Massachusetts Interventions

When you and your family are planning a Massachusetts intervention, your immediate hope is for the best. You want your addicted loved one to accept the help being offered. Ideally, everything will fall into place “that day” and on the strength of having everyone on a room together, the addict will understand that they have a serious problem.

Massachusetts Interventions are Highly Successful

As a strategy to get people to accept help and get into treatment, holding an intervention can be a very successful strategy for families and friends. It has a high success rate. Your chances of persuading your addicted loved one to make a change for the better are in your favor, but are not guaranteed.
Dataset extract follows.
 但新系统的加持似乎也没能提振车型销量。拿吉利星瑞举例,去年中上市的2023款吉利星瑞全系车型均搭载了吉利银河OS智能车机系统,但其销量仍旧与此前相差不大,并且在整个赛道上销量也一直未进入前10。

You and your family can meet with an interventionist in Massachusetts and learn about the disease of addiction. Everyone in the family can get on board with what will happen at the intervention and be clear that they are committed to seeing your loved one get better. This means that the family will no longer support the addiction, though. Doing things like paying for the addict’s rent or bills, calling in sick for them or making excuses for their behavior will stop.
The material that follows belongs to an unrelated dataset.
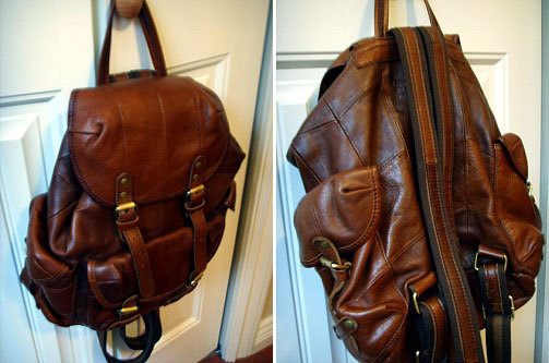3. 갈색 소가죽 백팩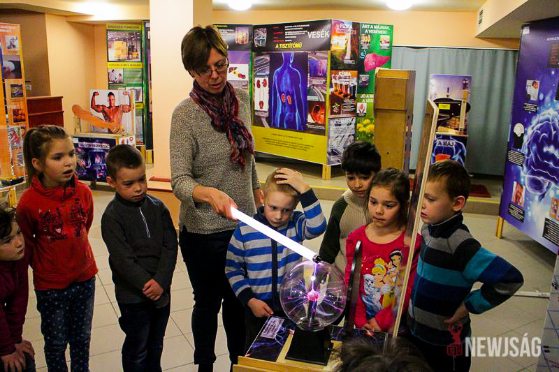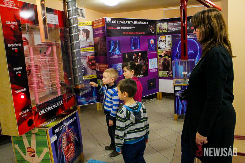 – Néhány évvel ezelőtt egy fizikai kiállítást fogadtunk, ami a tervezéstől egészen a kivitelezésig egy kreatív házaspár keze munkáját dicséri – avat be a részletekbe Kugyeláné Décsei Mónika, az intézmény munkatársa. – Nagy sikert aratott, mert a nehezen értelmezhető folyamatok a kísérleteken keresztül világossá váltak, ráadásul kiváló szemléltetési lehetőséget biztosított a pedagógusok számára. Az ötletgazdák nem álltak meg ennél a pontnál, hanem időközben létrehoztak egy biológiára irányuló tárlatot is, ami közérthetően mutatja be a testünket.

If the Addict Resists Treatment

It’s possible that your addicted loved one will simply resist going to treatment on the day of the intervention. This doesn’t mean that the idea was a bad one or that you shouldn’t have undertaken the process.

While it’s true that the vast majority of people who go through this process do accept treatment, a small percentage get help. In that instance, the interventionist can help the family follow through on their resolutions.

The addict may ultimately decide to get treatment over the weeks or months following the Massachusetts intervention. The day the conversation is held may plant some type of seed in their mind that can lead to change later.